Мотив непрочного и недостаточного порядка связывает размышления Розая с темой Восьмой Дуинской элегии Рильке, где говорится: «Мы переполнены. Наводим порядок. Он распадается. Мы снова наводим порядок — и распадаемся сами».
Рильке изображает трагедию человеческого сознания, препятствующего простому и высшему счастью слияния с мировым целым — тому, что доступно животному или ребенку. Восьмая элегия представляет собой жалобу: бесконечность бытия в боге, которую Рильке обозначает словом «открытость», недоступна «отпавшему» человеку, запертому в границах своей индивидуальности; только примитивные «творения», не осознающие себя в своей обособленности от божьего мира, «видят открытую бесконечность», тогда как «наши глаза» обращены «как будто бы в обратную сторону». Принципиальная разведенность мира и познающего сознания ведет, по Рильке, к поражению последнего, к неизбежному распаду человеческой личности, лишенной опоры в бытии целого.
Продолжая старую тему философской поэзии, Розай предлагает иное, более оптимистическое ее решение, основанное на вере в искусство — положительную альтернативу рационалистического знания. «Распад», который Рильке оплакивает, становится для Розая требованием художественной воли. Искусство получает особое значение как своего рода «код крушения», открывающий возможность прорыва в «открытую бесконечность». «Да, хрупкость — вот великая ценность для художника, — пишет Розай. — Нередко именно разрушение является наилучшим созиданием».
Художественная форма не тождественна, согласно Розаю, другим абстрагирующим смысловым структурам, посредством которых культура стремится ограничить и приручить бесконечный мир. Именно эти структуры подразумевал и Рильке, когда писал в своей элегии о «ловушках», которыми человеческое сознание обставляет вещи жизни. Но на искусство этот образ не распространяется, полагает Розай. Метафора, которую он находит для поэтической формы, — это «вагон», нагруженный творческими усилиями художника и пущенный им в сторону читателя, — образ, заставляющий вспомнить уже не о Рильке, но об одном из фрагментов Франца Кафки и, может быть, действительно им подсказанный.
Кафка писал о духовной миссии художника: «Если ты все время рвешься вперед, невидящими глазами скользишь по вещам, мимо которых в спешке проносишься, то когда-нибудь ты позволишь, чтобы и твой вагон прошел мимо. Но если ты будешь тверд… то придет время и ты увидишь вечно неизменную темную даль, такую, что оттуда не может появиться ничего другого, как только тот самый вагон; вот он катится тебе навстречу, вырастает у тебя на глазах, становится в тот момент, когда подъезжает к тебе, огромным как мир, и ты утопаешь в нем как ребенок в подушках спального вагона, который мчится сквозь грозовую ночь».
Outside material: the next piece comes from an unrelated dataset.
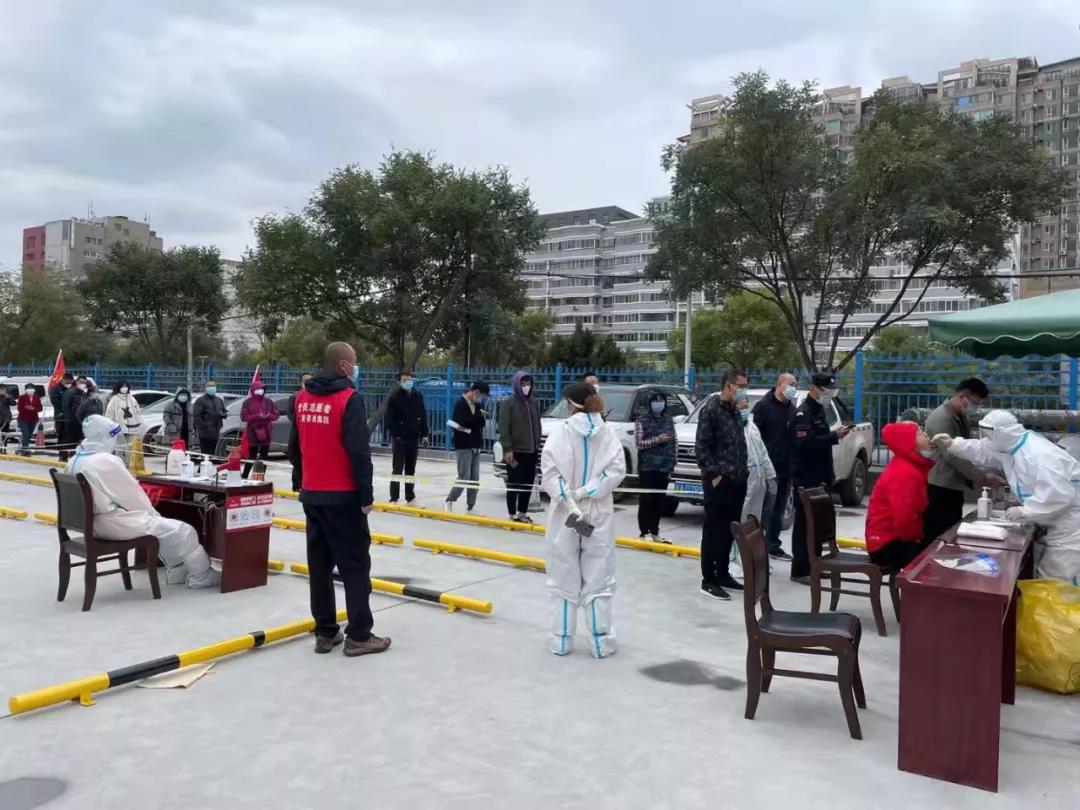 “您好”“請(qǐng)不要擁擠”“提前打開健康碼”……這是土木工程院的后勤管理部工作人員在有序指揮前來進(jìn)行核酸檢測的職工和家屬。

Форма-вагон Петера Розая устроена по кафкианской модели. Розай также мечтает о том, чтобы взять своих читателей с собой в открытую бесконечность мира, хотя отнюдь не предлагает ему того уюта и защищенности, о которых идет речь у Кафки. В этом заключается существенное различие: модель Розая не предполагает комфорта, в его вагоне нет мягких подушек, он везет взрывчатку. «Экспедиции в область сознания», которые предпринимает Розай, имеют своей целью анархическую «диверсию», разрушение господствующих иллюзий. «Открытость», в которую он манит, есть разверзнутое противоречие, образовавшееся после взрыва, холодная пустота с пролетающими по ней осколками взорванных мировоззрений.
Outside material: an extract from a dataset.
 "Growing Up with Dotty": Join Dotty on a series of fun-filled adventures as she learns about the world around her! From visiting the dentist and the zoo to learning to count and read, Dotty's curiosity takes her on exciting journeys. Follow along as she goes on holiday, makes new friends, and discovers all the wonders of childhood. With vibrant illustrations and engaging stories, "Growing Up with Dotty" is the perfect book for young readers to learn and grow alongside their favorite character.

«Пустые поля — хорошие строительные площадки», — замечает Розай в написанной одновременно с «Лекцией» «Записной книжке философа». То, что в перспективе разрушения выглядит как «пустые поля», являет собой в перспективе строительства ту «непроницаемую густоту мира», которую Розай обозначает также такими словами, как «жизнь», «действительность», «вещи», «глубина», «волны мирового потока». Приверженность Розая к состоянию пустоты/густоты, к жизни, еще не включенной ни в какую структуру, определяет его дистанцию по отношению к Кафке, поэту человеческой слабости.
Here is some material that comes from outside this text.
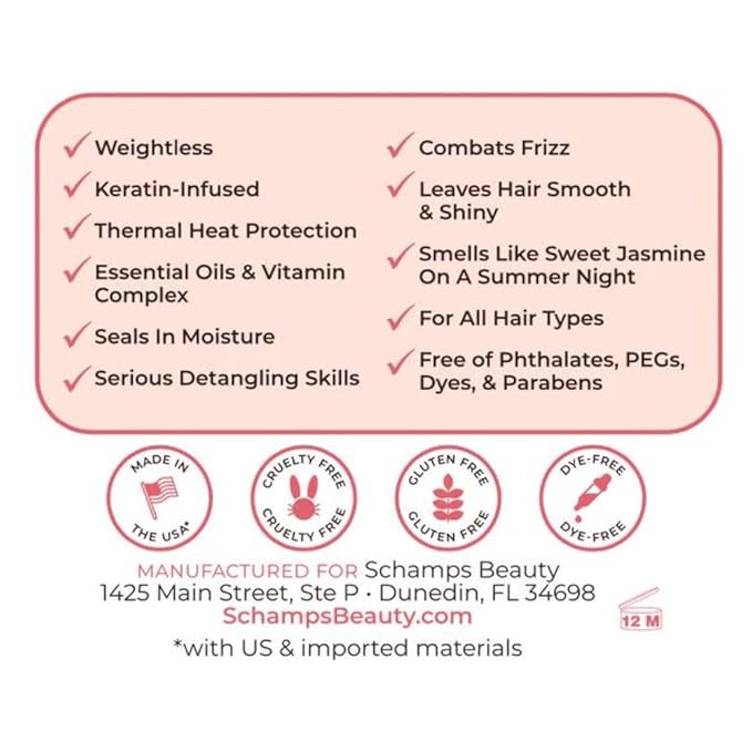 - Product Benefits : Weightless, keratin-infused, convenient leave-in conditioner that smells like sweet jasmine and leaves hair smooth, shiny, and detangled Weightless, keratin-infused, convenient leave-in conditioner that smells like sweet jasmine and leaves hair smooth, shiny, and detangled

«То немногое положительное, что знала моя эпоха, и та громада отрицательного, которой она была отмечена, во всем этом не было моей наследственной доли», — писал о себе Кафка. Эти слова показывают, где проходит граница между ним и его литературным учеником Розаем. Прочерчивая эту границу, Розай намечает элементы той новой поэтики будущего, прежде всего своей собственной, одним из признаков которой является отказ от жанра параболы. Ибо, говорит Розай, при всей многозначности текстов Кафки сама их жанровая форма — форма притчи — идеально подходит для того, чтобы выразить опасливое недоверие к жизни и робкую тоску о метафизической защищенности.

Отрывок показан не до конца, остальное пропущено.